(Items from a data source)
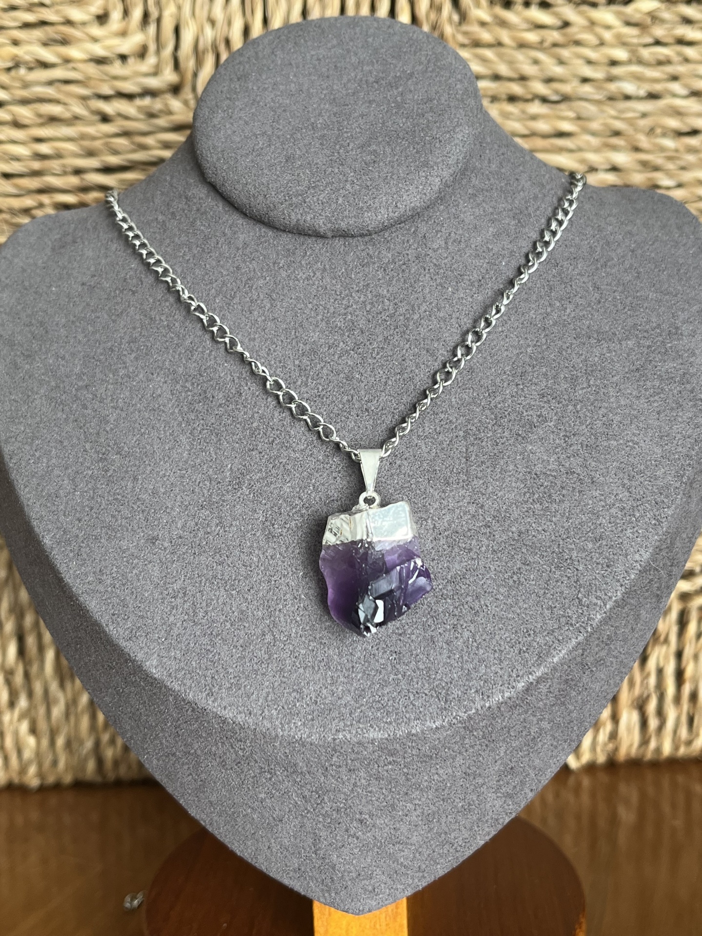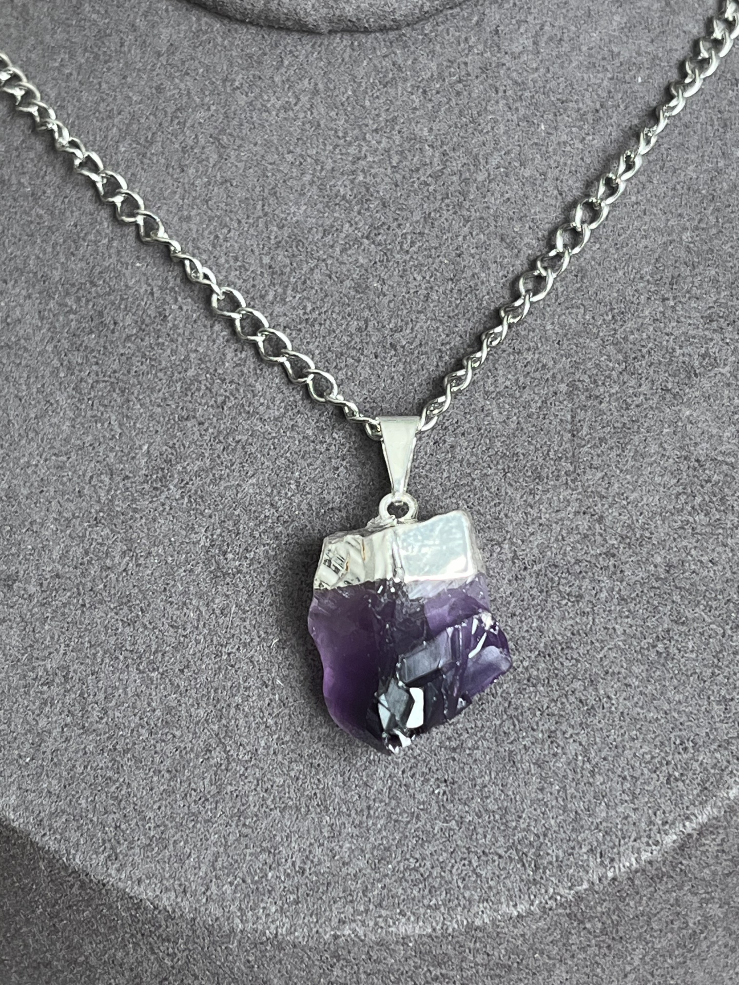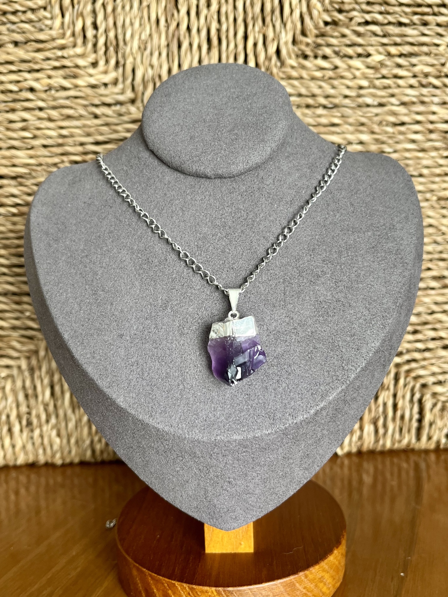 Colar em Aço Inoxidável com Pendente de Ametista Natural Bruta
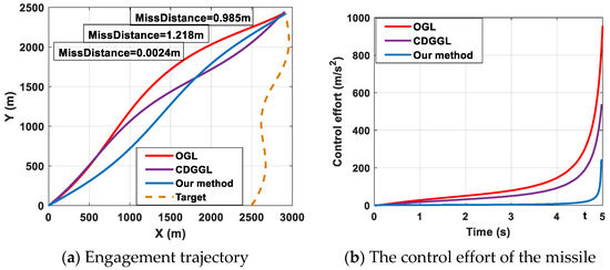 From Table 1, it is easily found that less control effort is needed in our proposed method compared with the OGL in [4] and the CDGGL in [18], which implies that our proposed guidance law can reduce unnecessary energy consumption. The missile can intercept the target with minimal control. Moreover, the computation time of our proposed method is shorter compared with the OGL in [4] and the CDGGL in [18], which means that our proposed method can make the confrontation strategy in the shortest time. In general, our proposed guidance law can intercept targets with minimal control effort and a fast response.
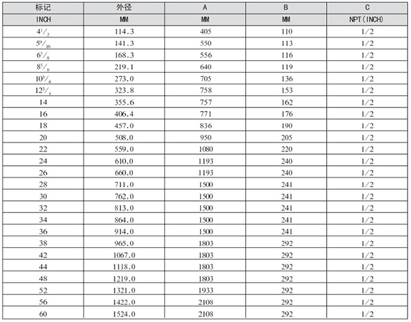 長輸管道尺寸表
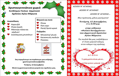Μετά την Χριστουγεννιάτικη γιορτή του σχολείου μας ο Σύνδεσμος Γονέων του Δημοτικού Σχολείου του Αγίου Μάρωνα διοργανώνει Χριστουγεννιάτικο χωριό. Θα υπάρχει για τη διασκέδαση Καρουζέλ, Photo Booth, Μάντεψε πός ακέδρισε . Επίσης θα υπάρχει φαγητά και ποτά όπως πίτσα, Ποπ κορν. Ποτά / ζεστό κρασί , Στο Παζαράκι θα έχει μπικότα / γλυκά , κατασκευές των παιδιών και πολλά άλλα .
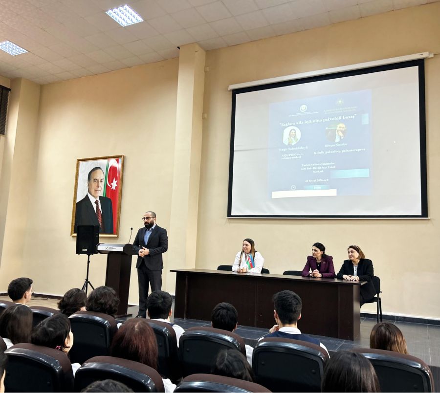 Gənclərin və müəllimələrin iştirakı ilə keçirilən tədbirdə mütəxəssis qismində çıxış edən klinik psixoloq, psixoterapevt Rövşən Nəcəfov ailədaxili münasibətlərin düzgün tənzimlənməsi, sağlam cəmiyyətin qurulmasında sosial məsuliyyətin rolu və süni intellektdən düzgün istifadə barədə geniş məlumat verib.
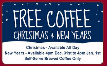 Sheetz is offering FREE coffee on Christmas day and New Year’s day at all locations. Available all day on Christmas, and from 4pm December 31st to 4pm January 1st.
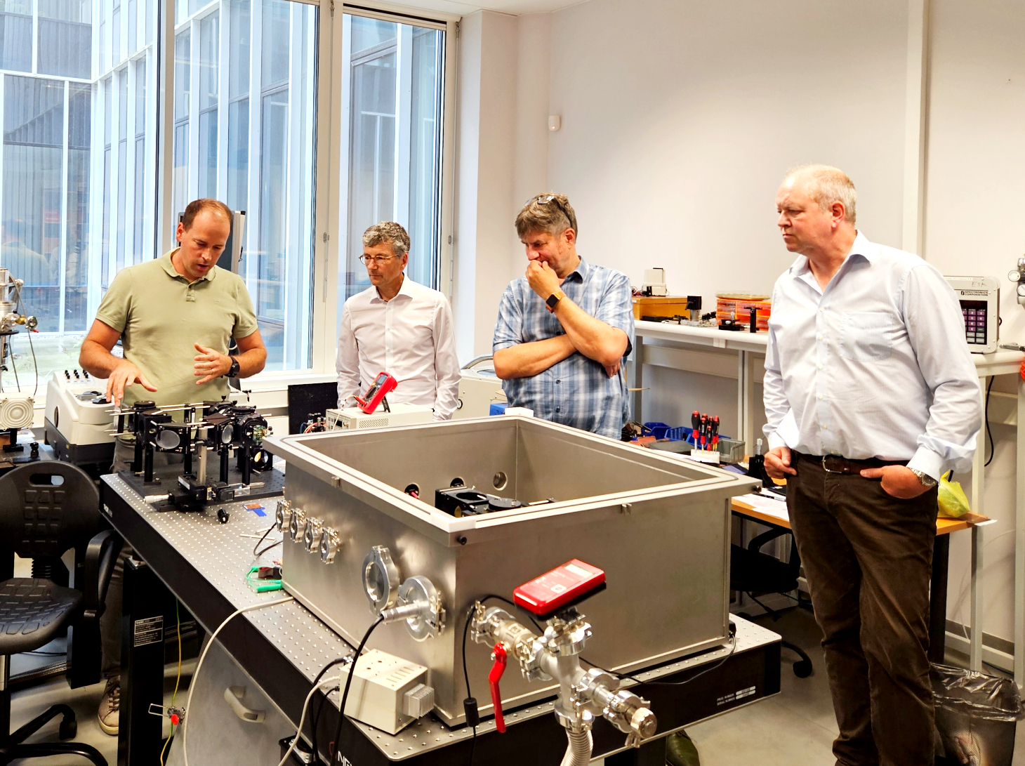 The meeting started with a visit to several of our laboratories. Dr. Zigmas Balevičius, a physicist at the FTMC Department of Laser Technologies, presented the work carried out in the Plasmonics and Nanophotonics Laboratory; Artur Plotnikov, Chief Engineer at the Department of Nuclear Research, talked about radiocarbon dating at the Accelerator Mass Spectrometry Laboratory; Dr. Jan Devenson from the Department of Optoelectronics demonstrated the molecular beam epitaxy (MBE) facility for growing crystalline semiconductor structures, and Dr. Linas Minkevičius, a physicist in the same department, presented terahertz radiation research in the Terahertz Photonics Laboratory.
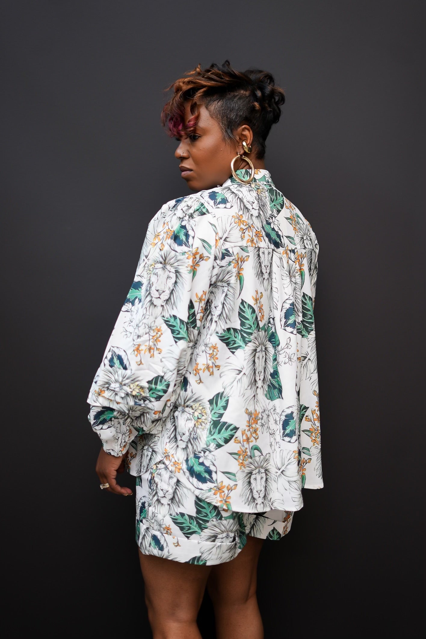 Unleash your inner wild side with our Untamed Chic Short Set. This paperbag set features a fierce animal print, a trendy twist detail, and an oversized shirt, making it the perfect combination of comfort and Golden Chic sass.
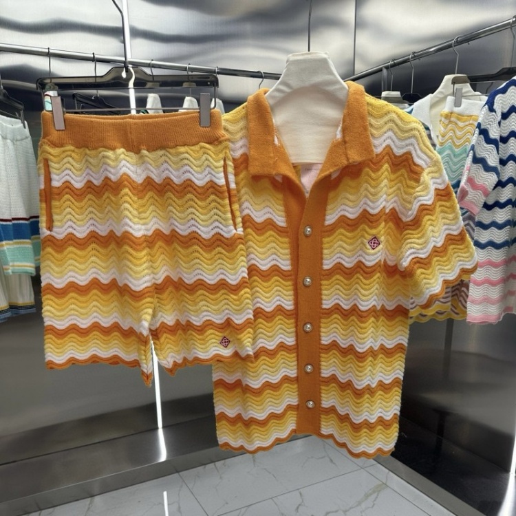 Casablanca Knit Sweater Short-Sleeve Jacquard Shorts Set-6359

About this exercise
Your reply should hold every line above exactly as written and none of the pictures.

Solved problem
 Colar em Aço Inoxidável com Pendente de Ametista Natural Bruta
 From Table 1, it is easily found that less control effort is needed in our proposed method compared with the OGL in [4] and the CDGGL in [18], which implies that our proposed guidance law can reduce unnecessary energy consumption. The missile can intercept the target with minimal control. Moreover, the computation time of our proposed method is shorter compared with the OGL in [4] and the CDGGL in [18], which means that our proposed method can make the confrontation strategy in the shortest time. In general, our proposed guidance law can intercept targets with minimal control effort and a fast response.
 長輸管道尺寸表
Μετά την Χριστουγεννιάτικη γιορτή του σχολείου μας ο Σύνδεσμος Γονέων του Δημοτικού Σχολείου του Αγίου Μάρωνα διοργανώνει Χριστουγεννιάτικο χωριό. Θα υπάρχει για τη διασκέδαση Καρουζέλ, Photo Booth, Μάντεψε πός ακέδρισε . Επίσης θα υπάρχει φαγητά και ποτά όπως πίτσα, Ποπ κορν. Ποτά / ζεστό κρασί , Στο Παζαράκι θα έχει μπικότα / γλυκά , κατασκευές των παιδιών και πολλά άλλα .
 Gənclərin və müəllimələrin iştirakı ilə keçirilən tədbirdə mütəxəssis qismində çıxış edən klinik psixoloq, psixoterapevt Rövşən Nəcəfov ailədaxili münasibətlərin düzgün tənzimlənməsi, sağlam cəmiyyətin qurulmasında sosial məsuliyyətin rolu və süni intellektdən düzgün istifadə barədə geniş məlumat verib.
 Sheetz is offering FREE coffee on Christmas day and New Year’s day at all locations. Available all day on Christmas, and from 4pm December 31st to 4pm January 1st.
 The meeting started with a visit to several of our laboratories. Dr. Zigmas Balevičius, a physicist at the FTMC Department of Laser Technologies, presented the work carried out in the Plasmonics and Nanophotonics Laboratory; Artur Plotnikov, Chief Engineer at the Department of Nuclear Research, talked about radiocarbon dating at the Accelerator Mass Spectrometry Laboratory; Dr. Jan Devenson from the Department of Optoelectronics demonstrated the molecular beam epitaxy (MBE) facility for growing crystalline semiconductor structures, and Dr. Linas Minkevičius, a physicist in the same department, presented terahertz radiation research in the Terahertz Photonics Laboratory.
 Unleash your inner wild side with our Untamed Chic Short Set. This paperbag set features a fierce animal print, a trendy twist detail, and an oversized shirt, making it the perfect combination of comfort and Golden Chic sass.
 Casablanca Knit Sweater Short-Sleeve Jacquard Shorts Set-6359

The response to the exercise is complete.